IMAGINE WHAT THIS ALL MEANS FOR YOUR MUSIC

The potential for Yamaha's Singing Synthesis Technology is virtually unlimited. LEON & LOLA are released at the NAMM show, January 2004. They are the genesis, the "Adam and Eve" of the new era of virtual singing. A third virtual vocalist, MIRIAM will take Vocaloid to new heights. Pretty soon you are going to hear synthesized vocals in a lot of music. Don't get left out of the picture. Experience the difference Zero-G Virtual Vocalists can make for yourself!

HOW DOES IT WORK?

Few events have dramatically deiverted the course of musical history. Synthesis, MIDI, Sampling - inventions of the magnitude are very rare events indeed. Singing Synthesis is such an event. Most acoustic instruments can be simulated well using various synthesis techniques, but (until Yamaha's Vocaloid technology came along) the singing voice resisted any serious simulation attempts. Hardly surprising, since singing has an extremely wide range of articulations, timbres, and transitions between sounds. And singing can communicate words as well as melody, which means there is a double layer of meaning, unlike other instruments. The human ear is so used to hearing the voice that even the finest tonal shifts or anomalies are immediately noticed. However, Yamaha's Vocaloid is in fact a totally new vocal-synthesis technology, achieveing a much higher level of sophistication in this exciting area! The team at the Yamaha Advanced System Development Center in Japan has created software that emulates the singing voice with incredible accuracy.

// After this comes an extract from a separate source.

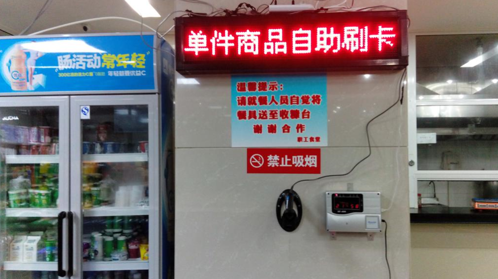 2.單件商品自助刷卡:在我公司十多年食堂產(chǎn)品服務(wù)的經(jīng)驗(yàn)上總結(jié)其實(shí)有相當(dāng)一部分就餐購買酸奶或者飲料的消費(fèi)者只是配合就餐購買一件商品。然而傳統(tǒng)的收銀方式,會讓這部分結(jié)算操作變得很慢。我公司針對這一情況開發(fā)了單件商品自助刷卡系統(tǒng)。條碼掃描槍同超市收銀系統(tǒng)的商品價(jià)格進(jìn)行綁定,掃條碼后消費(fèi)機(jī)上自動出現(xiàn)此商品的價(jià)格并且等待消費(fèi)者刷卡。消費(fèi)者如不刷卡,機(jī)器不停的報(bào)警。刷卡后再讓下一位進(jìn)行條碼掃描。速度快,無出錯(cuò),并且一個(gè)管理人員可監(jiān)管多臺自助刷卡機(jī)。

Zero-G's development team have been working closely with Yamaha to create many 'vocal fonts' (virtual vocalists) for the Vocaloid system. The team starts each project by recording a professional vocalist singing literally all possible phonemes and transitions between syllables. Each transition is slightly different depending on the particular combination of phonemes, and these differences play a big part in how we understand words and whether a vocal track sounds natural or artificial. For example, the phoneme "p" sounds slightly different at the beginning of a word than it does at the end, and it affects the vowels next to it differently than say the phoneme "t".

The recordings of the professional singers are converted to the frequency domain using Fast Fourier Transform and divided into thousands of separate phonetic transitions which are processed in a unique way and then stored for use with the Vocaloid synthesis engine. Expressive tools such as vibrato, pitch bend, and attack are also derived from the real singing and stored separately.

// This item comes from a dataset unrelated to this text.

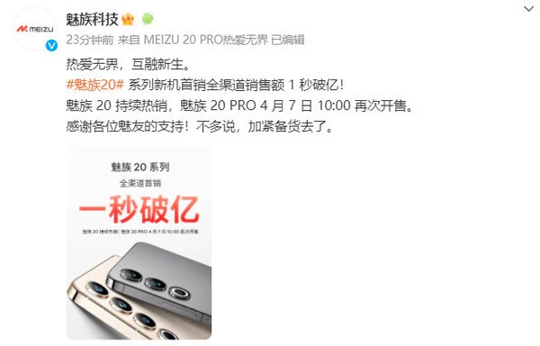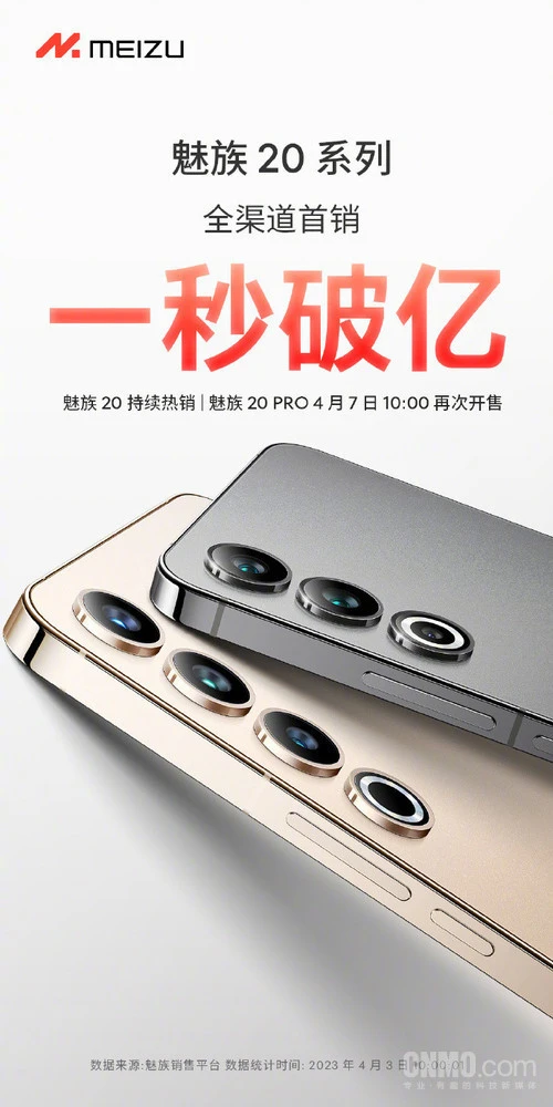【手机中国消息】4月3日上午10点,魅族20系列(魅族20、魅族20 PRO)正式迎来首销。魅族20系列是魅族走上新征程后推出的首款机型,也是时隔一年多时间后,魅族再次推出旗舰新机。魅族20系列上市后会不会受到斲丧者青睐,能不能助魅族重回正轨,这是许多人关心的标题。如今,魅族官方公布了魅族20系列的首销战报:魅族20系列新机首销全渠道1秒破亿! 魅族20系列首销全渠道1秒破亿 作为参考,魅族20售价2999元-3799元,魅族20 PRO售价3999元-4799元。以4000元的代价来算,魅族20系列1秒大概卖出了25000台,效果不错。 魅族20系列首销全渠道1秒破亿 魅族20系列能受到斲丧者的接待,跟其平衡的设置及2999元的起售价应该有很大关系。设置上,魅族20系列全系搭载了第二代骁龙8旗舰移动平台,接纳台积电4nm制程,搭配LPDDR5X+USF4.0,性能精彩。并搭载全新Flyme 10体系,支持全视鹰眼、隐形妙靴、全链路防诈等实勤奋能。手机配备新一代超声波指纹辨认,可以做到0.075s疾速解锁。 魅族20 其他方面,魅族20配备了一块6.55英寸144Hz电竞级护眼直屏,支持10.7亿色表现、100%DCI-P3广色域;后置5000万像素超感光三摄像头,前置3200万像素高清镜头;内置4700mAh电池,支持67W快充,仅需45分钟就能充至100%。 魅族20 PRO则搭载了一块6.81英寸2K 120Hz全面屏,支持1800nit峰值亮度、1500Hz瞬时采样率;后置5000万像素超感光主摄+5000万像素超广角镜头+5000万像素人像镜头,前置3200万像素高清镜头;内置5000mAh电池,支持80W快充,只要35分钟手机就能布满电。 |

To create a vocal track, you enter music and lyrics into the Vocaloid Editor. The melody can be entered by hand in the piano-roll style Editor or imported from a Standard MIDI File; the words are entered manually. Expressive elements can be entered via a graphic palette using drag-and-drop. Further detailed programming of expression parameters can be done graphically, for finey detailed results.

The data that you have entered in the Editor is sent to the synthesis engine, which fetches what it needs from the phonetic and expression databases to synthesize the track. To sing the word "part", for example, the software combines four elements from the phonetic database: "p" (as it sounds at the beginning of a word), "p-ar" (the transition from "p" to "ar"), "ar-t" (the transition from "ar" to "t"), and "t" (as it sounds at the end of a word). The two "ar" elements are blended together, and the resulting vowel "a" is lengthened as necessary to accommodate your chosen melody and rhythm.

Different pitches are derived by shifting the fundamental and overtones while leaving the vowel formants relatively untouched. The database elements were derived from phrases originally sung at different pitches, limiting the amount of shifting the engine needs to do (and therefore improving ultimate realism).